**Directions for this task:** Reproduce without change the lines in the material below that run from the one with "为了向大学生普及救护知识,培" to the end, and nothing more.

----

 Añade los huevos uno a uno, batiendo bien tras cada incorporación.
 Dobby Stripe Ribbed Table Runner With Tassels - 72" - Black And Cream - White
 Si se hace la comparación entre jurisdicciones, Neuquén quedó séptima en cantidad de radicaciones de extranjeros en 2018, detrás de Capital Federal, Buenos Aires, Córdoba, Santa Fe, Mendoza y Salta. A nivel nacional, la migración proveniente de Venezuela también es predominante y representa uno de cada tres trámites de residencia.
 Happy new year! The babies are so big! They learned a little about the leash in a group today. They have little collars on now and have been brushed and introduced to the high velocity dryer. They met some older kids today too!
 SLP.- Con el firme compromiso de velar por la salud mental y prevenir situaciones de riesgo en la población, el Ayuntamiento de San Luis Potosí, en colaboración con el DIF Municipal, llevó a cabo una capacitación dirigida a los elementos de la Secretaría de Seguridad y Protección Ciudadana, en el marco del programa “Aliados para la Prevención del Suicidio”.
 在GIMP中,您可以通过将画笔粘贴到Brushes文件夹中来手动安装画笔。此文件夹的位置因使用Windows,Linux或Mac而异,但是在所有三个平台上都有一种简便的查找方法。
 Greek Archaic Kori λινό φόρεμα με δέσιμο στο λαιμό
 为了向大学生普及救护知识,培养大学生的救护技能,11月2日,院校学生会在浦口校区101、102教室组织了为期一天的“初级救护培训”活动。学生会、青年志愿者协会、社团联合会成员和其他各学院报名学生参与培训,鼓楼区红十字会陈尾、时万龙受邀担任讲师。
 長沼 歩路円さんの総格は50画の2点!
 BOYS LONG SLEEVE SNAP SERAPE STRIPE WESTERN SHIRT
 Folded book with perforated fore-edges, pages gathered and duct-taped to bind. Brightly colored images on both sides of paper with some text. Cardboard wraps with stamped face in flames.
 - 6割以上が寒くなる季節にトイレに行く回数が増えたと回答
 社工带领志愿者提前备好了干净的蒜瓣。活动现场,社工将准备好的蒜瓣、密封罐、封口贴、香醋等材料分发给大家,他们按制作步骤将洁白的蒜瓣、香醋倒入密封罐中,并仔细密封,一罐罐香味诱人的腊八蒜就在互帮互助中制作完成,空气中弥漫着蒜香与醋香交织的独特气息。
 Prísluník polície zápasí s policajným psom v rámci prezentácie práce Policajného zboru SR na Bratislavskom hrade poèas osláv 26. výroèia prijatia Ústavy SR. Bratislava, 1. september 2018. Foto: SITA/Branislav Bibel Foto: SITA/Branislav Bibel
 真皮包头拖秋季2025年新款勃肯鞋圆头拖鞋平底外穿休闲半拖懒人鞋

----

**Completed task:**
 为了向大学生普及救护知识,培养大学生的救护技能,11月2日,院校学生会在浦口校区101、102教室组织了为期一天的“初级救护培训”活动。学生会、青年志愿者协会、社团联合会成员和其他各学院报名学生参与培训,鼓楼区红十字会陈尾、时万龙受邀担任讲师。
 長沼 歩路円さんの総格は50画の2点!
 BOYS LONG SLEEVE SNAP SERAPE STRIPE WESTERN SHIRT
 Folded book with perforated fore-edges, pages gathered and duct-taped to bind. Brightly colored images on both sides of paper with some text. Cardboard wraps with stamped face in flames.
 - 6割以上が寒くなる季節にトイレに行く回数が増えたと回答
 社工带领志愿者提前备好了干净的蒜瓣。活动现场,社工将准备好的蒜瓣、密封罐、封口贴、香醋等材料分发给大家,他们按制作步骤将洁白的蒜瓣、香醋倒入密封罐中,并仔细密封,一罐罐香味诱人的腊八蒜就在互帮互助中制作完成,空气中弥漫着蒜香与醋香交织的独特气息。
 Prísluník polície zápasí s policajným psom v rámci prezentácie práce Policajného zboru SR na Bratislavskom hrade poèas osláv 26. výroèia prijatia Ústavy SR. Bratislava, 1. september 2018. Foto: SITA/Branislav Bibel Foto: SITA/Branislav Bibel
 真皮包头拖秋季2025年新款勃肯鞋圆头拖鞋平底外穿休闲半拖懒人鞋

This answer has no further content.